Thanks. I still have another question. I think I want to overclock my pc but there are a few things that I still think I should tell. My pc is from Medion. Its some German company and I thought it was a good company. I know that from now on I wont but a pc from them. Why? Because they put a 450W PSU in my system. And everything was prebuilt. I think when I posted a thread about this you also responded cause I recognize your name. And than I bought the xfx PSU 650W. The guys at the store where I bought the PSU from asked if they could take a look in my pc and saw that it had little space for a good airflow. And people also saying that they dont know my motherboard confuses me. So I was thinking of maybe getting a new housing and motherboard. But I dont know really how that works. I dont know if the housing and motherboard should fit with each other or if it are all standard sizes. I also only have 4 psu slots and I would like more because I only have 1 left. But on the site I cant see how many PSU slots it has. You dont have to answer all of these questions cause my main question is, will my motherboard work fine when I overclock my cpu. I dont know if there is software to overclock it but do I need a good quality motherboard to overclock? Thanks


----------



## koala (Mar 27, 2005)

*Re: Will increasing my fan speed break my card or anything?*

Your MS7616 P55 motherboard is ok and shouldn't need to be replaced, but if your case doesn't have enough room for good airflow, you just need to replace it with a larger one. All your parts will fit into the new case.
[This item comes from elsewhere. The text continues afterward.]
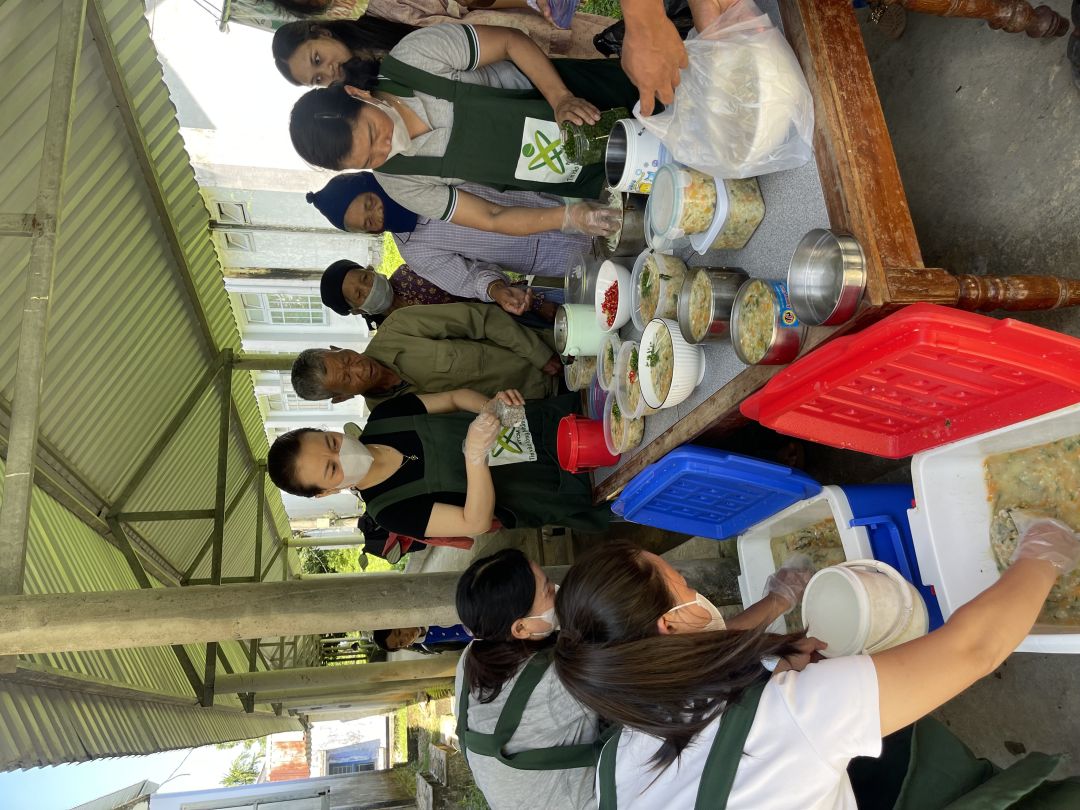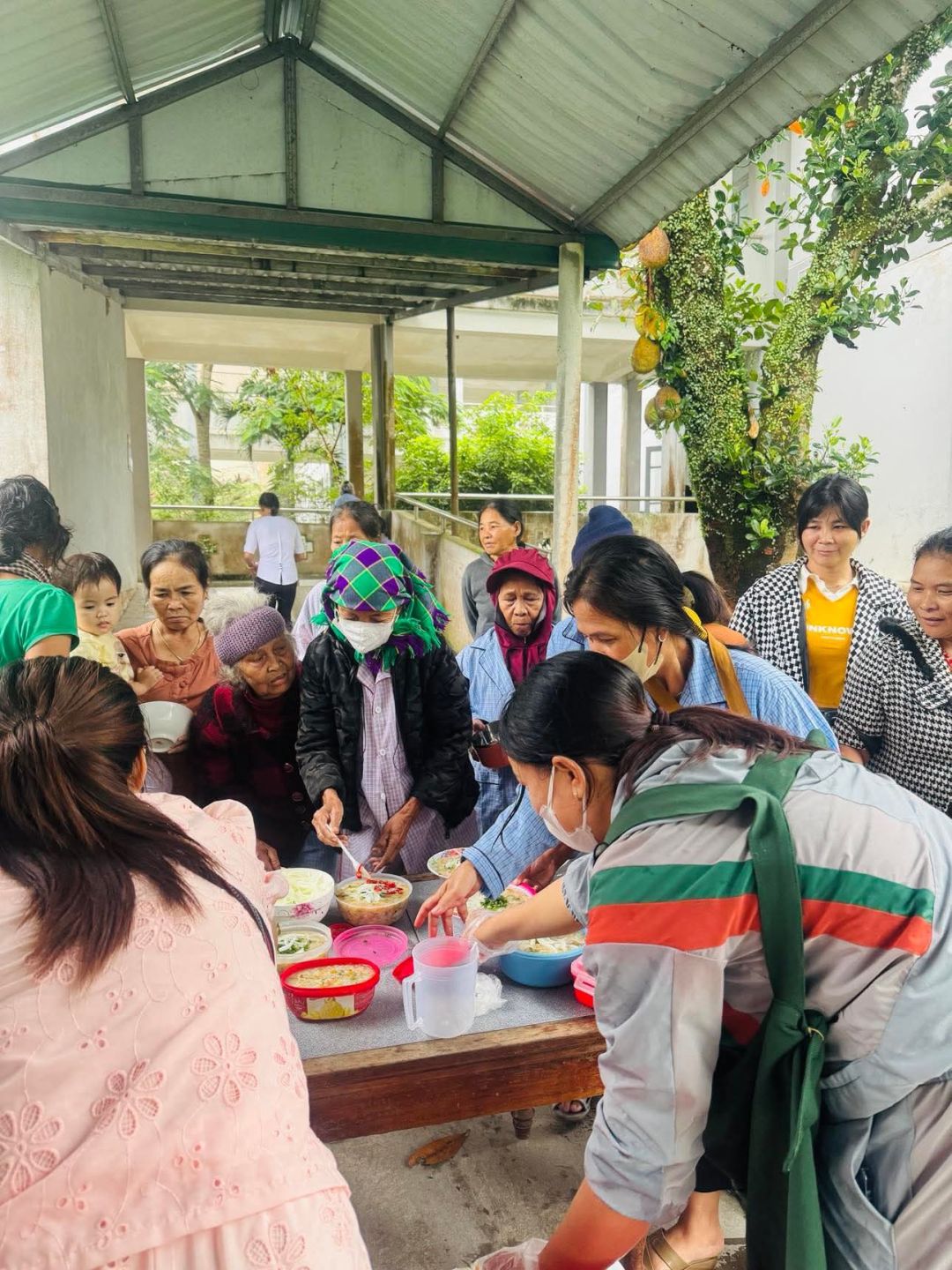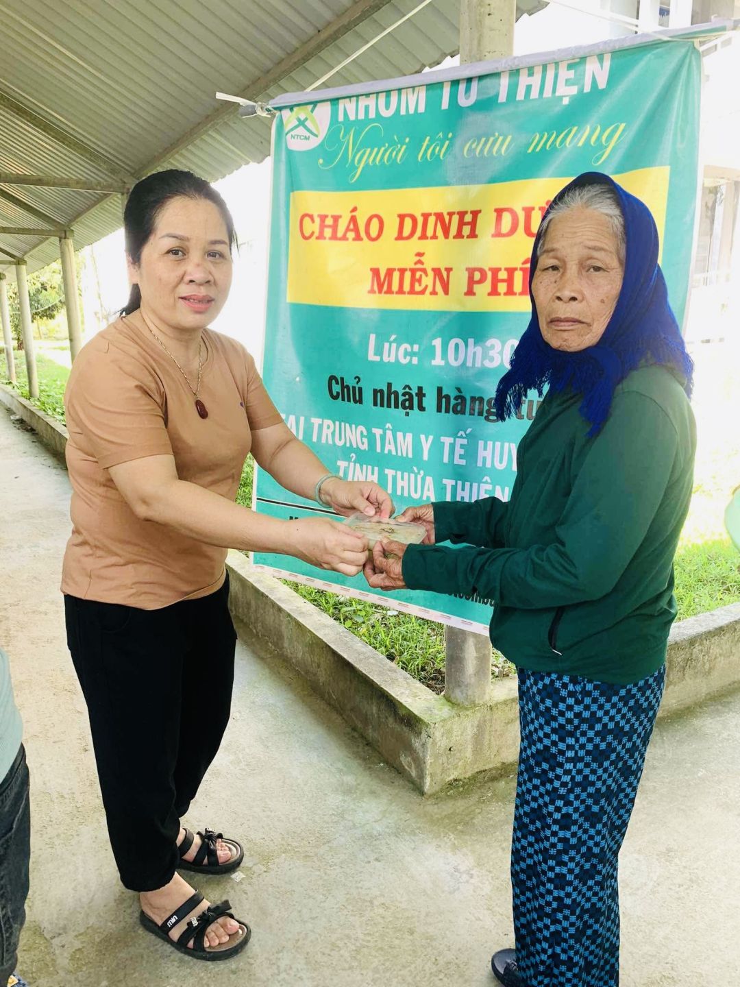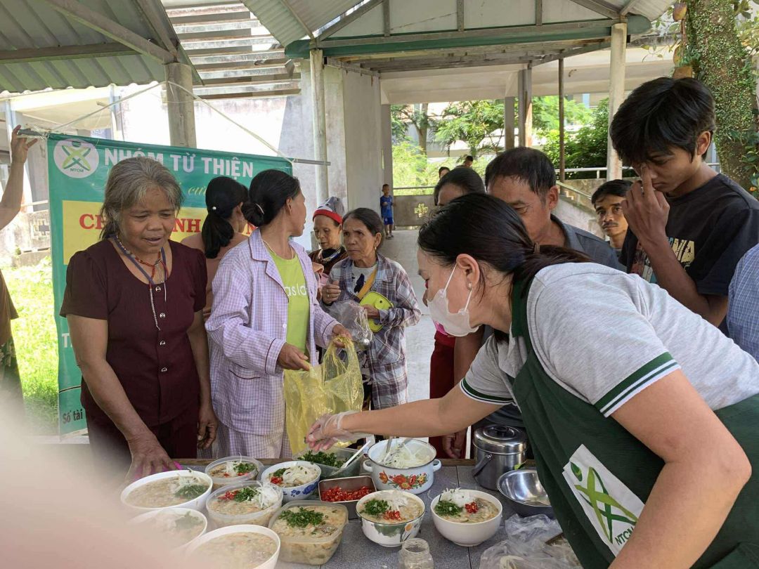Bà con vui mừng khi nhận được cháo thiện nguyện Người tôi cưu mang

To overclock the graphics card, the easiest way is to use the Catalyst Control Center. Open Catalyst and go to the AMD Overdrive section. Click 'Enable AMD Overdrive' and click the Apply button. Click the Defaults button and Apply to set the clock speeds back to default. Remove the checkmark from 'Enable Manual Fan Control' and click Apply so the fan speed is controlled automatically. Click the Auto-Tune button and leave it running for about an hour. This will find the best clock speeds that your card is safe to run at.

The HD6870 is a high-end card, and shouldn't need to be overclocked. You might get a few extra fps, but not the kind of increase you're looking for. I think your problem is being caused by either the FSX config or the addons.

I'm not sure what you mean by 4 PSU slots. The PSU is the power supply unit, so there are no slots.

To overclock the CPU, you can use software, but it's better to make the changes in BIOS. Start a new thread in the Overclocking forum for more detailed instructions.


----------



## keffoo432 (Mar 28, 2011)

*Re: Will increasing my fan speed break my card or anything?*

Ok. I meant PSI slots srry. Thanks allot. Im closing the thread.


----------